Systech forms a part of Mahindra Group. The group for decades is driven by the vision of delivering the very best in all its functions, the Mahindra Group has today evolved to become one of India’s leading industrial houses, with a turnover of approximately USD 6 billion, and employing more than 50,000 people worldwide.
With its firm belief in innovation & technology – fortified by strong ethical groundings – the Mahindra Group stands out as one of India’s top business houses. The Group’s principal activities revolve around manufacturing and distribution of Automobiles and Farm Equipments. In addition, it has a vibrant presence in IT, Financial Services, Trading, Infrastructure, and the Auto Component Business.
Mahindra has established global manufacturing & service locations at Brisbane (Australia), California (USA), Nanchang (China), Sharjah (UAE), Texas (USA), Germany, UK, and South Africa. The exports of the group are spread across the world covering USA, Malaysia, Australia, Europe, the Middle East, Africa, and the SAARC nations.
ONE STOP SHOP
ART TO PART, DESIGN TO DELIVERY
Systech is one of India’s largest conglomerates of auto components. It is equipped to give a full service supply – right from engineering services to steel to finished products – making Systech a one-stop-shop for its global clients.
Systech operates in the entire value-chain from Component to System supply and in achieving this it pays meticulous attention to the services provided to its clients. On these grounds Systech has established its fundamental principle of reserving 75% of its plant capacities for external customers.
Amongst the resources which bolster systech is Mahindra Engineering Services (MES). MES is celebrated as one of the few companies in the world to provide innovative design solutions – from product concept to development.
Working in close collaboration with the other two arms of Systech – the Auto Component Business Unit (ACBU) and the Strategic Sourcing Business Unit (SSBU) – MES facilitates the capability of engineering, manufacturing, and a vendor support to its clients.
• Mahindra Engineering Services (MES)
Mahindra Engineering Services (MES) is a leading engineering services provider to the global automotive, aerospace, and manufacturing industry. We are part of the Mahindra Group, a global manufacturing company with annual revenues in excess of USD 6 billion.
MES is headquartered in Mumbai (India), and we have our branch offices located in Pune (India), Bangalore (India), Detroit (USA), and London (UK). We have successfully established a wide customer base in the global aero and auto industry.

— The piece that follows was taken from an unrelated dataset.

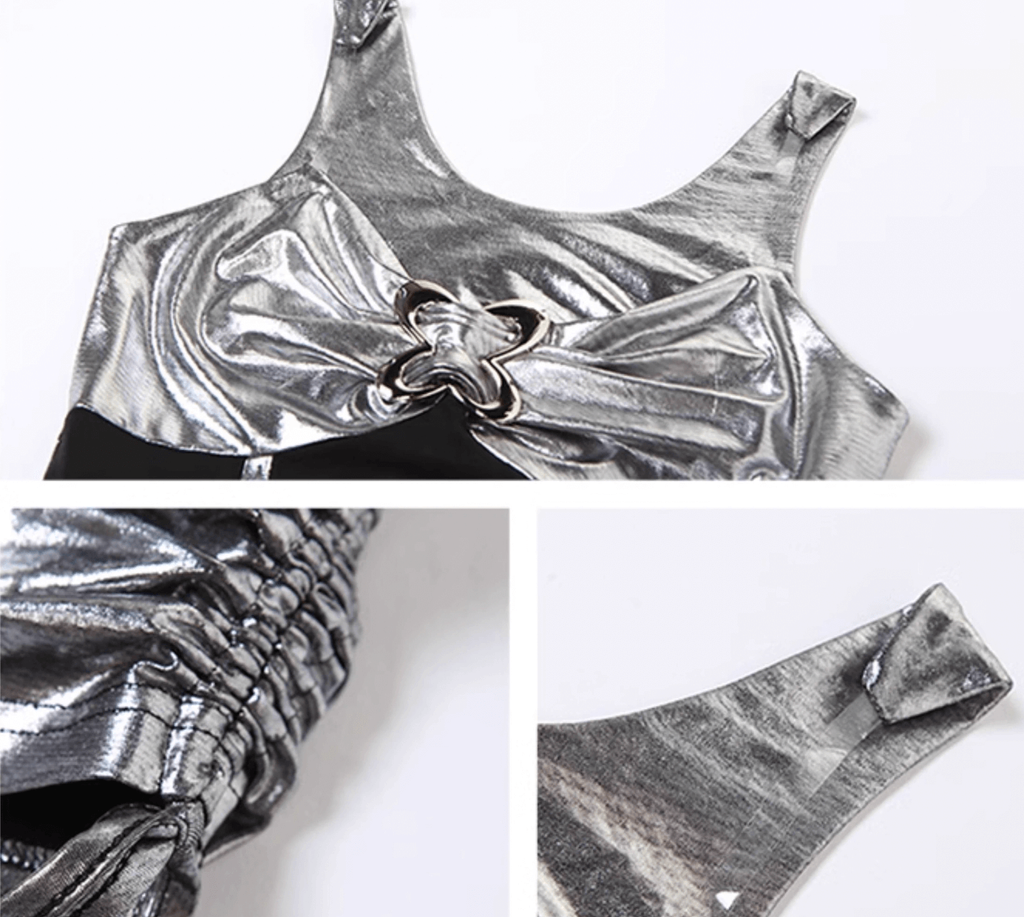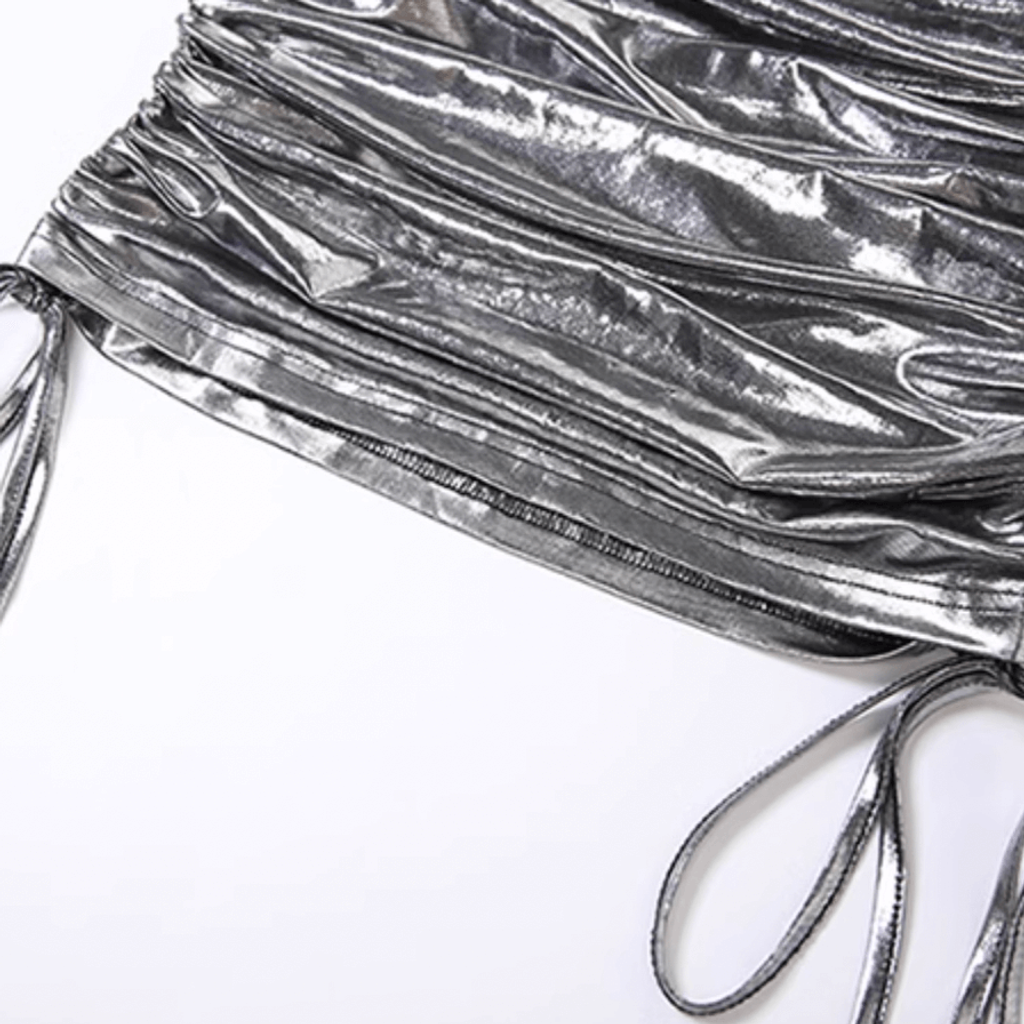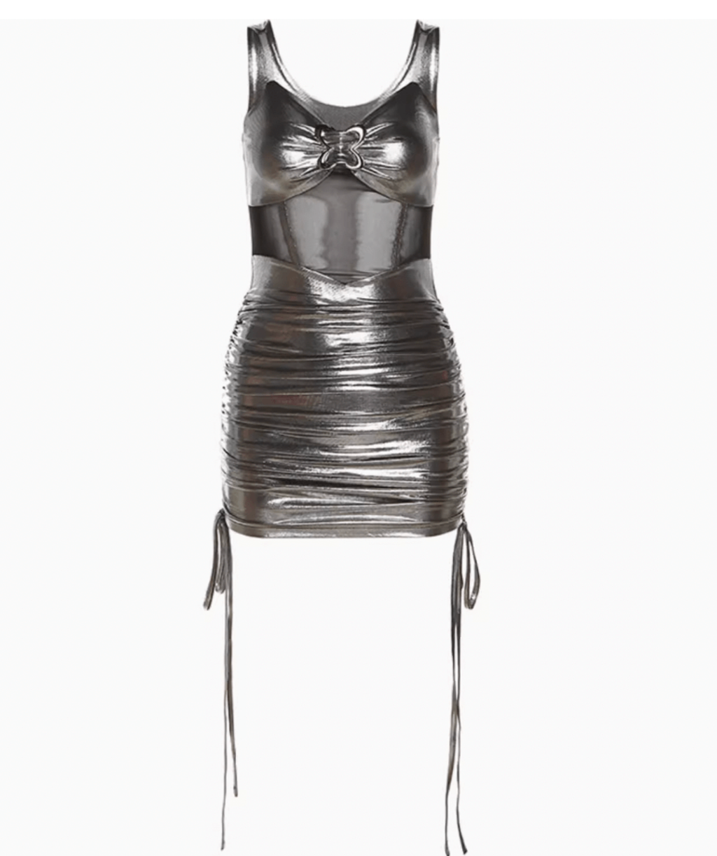 CHEEKY METALLIC MESH SILVER MINI DRESS
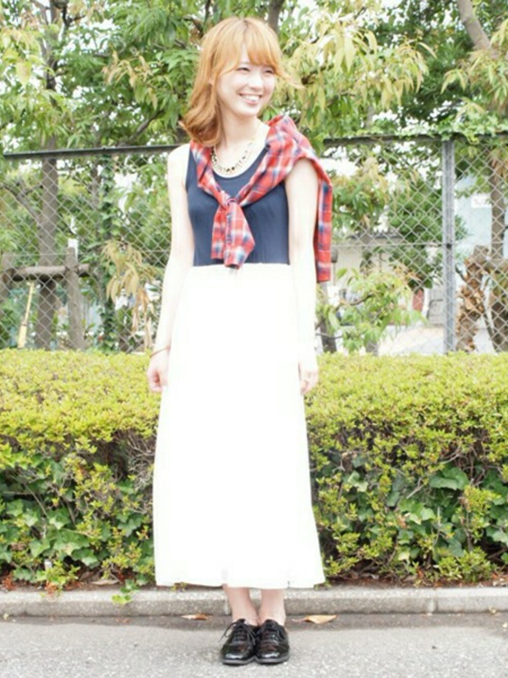 カットソー素材をトップスにした気軽に使えるマキシワンピースに、肩掛けで秋色のチェックシャツを少し取り入れたスタイリングにしました。一枚でぐっと季節感が変わるのでおすすめです。

Firmly anchoring the ‘design’ aspect of production, Mahindra Engineering provides support to its clients through all the phases of product development.
• Mahindra Sourcing
Mahindra Sourcing is an expert sourcing solution provider of automotive and tractor components. This unit was formed in 2004 by bringing together sourcing personnel from Mahindra & Mahindra's Automotive and Farm Equipment Sectors. Currently, Mahindra Sourcing has a team of over 100 people with expertise in sourcing, negotiation and supplier quality assistance. It is also engaged in global sourcing, especially from countries like China, Taiwan and Thailand.
• Mahindra Forging
In early 2004, Mahindra & Mahindra (M&M) decided that the automotive components business had significant growth potential. M&M viewed forgings as a critical facet of this business. In a period of two years, Mahindra Forging has grown from revenues of zero to over $450 million dollars with a global footprint that includes multiple manufacturing facilities in India, Germany, and the UK. To create Mahindra Forgings in record time, a unique route of inorganic and organic growth was employed.

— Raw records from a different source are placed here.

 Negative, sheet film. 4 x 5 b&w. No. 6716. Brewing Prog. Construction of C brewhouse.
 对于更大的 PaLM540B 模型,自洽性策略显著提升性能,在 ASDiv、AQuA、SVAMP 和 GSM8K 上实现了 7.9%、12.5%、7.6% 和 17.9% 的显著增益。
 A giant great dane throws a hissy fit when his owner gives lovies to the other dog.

M&Ms initial acquisition was Amforge Industries Ltd, based in Chakan (near Pune). Amforge provided the India base for Mahindra Forging, as well as a portfolio of key products: crankshafts, connecting rods, stub axles, and steering knuckles. Currently, M&M is expanding the Chakan plants capacity.
Mahindras first foray into European market was through Stokes Forgings in the UK. Stokes is the largest automotive forging company in the UK with key market share in products such as hubs, levers, and control arms. Stokes is technologically advanced and produces near-net shape forgings which are produced with extremely high yields.
Mahindras latest acquisition is a company with a history of over 140 years in forging. Schoneweiss GmbH is one of the hallowed institutions in forging it is one of five companies in the world that can produce front axle beams.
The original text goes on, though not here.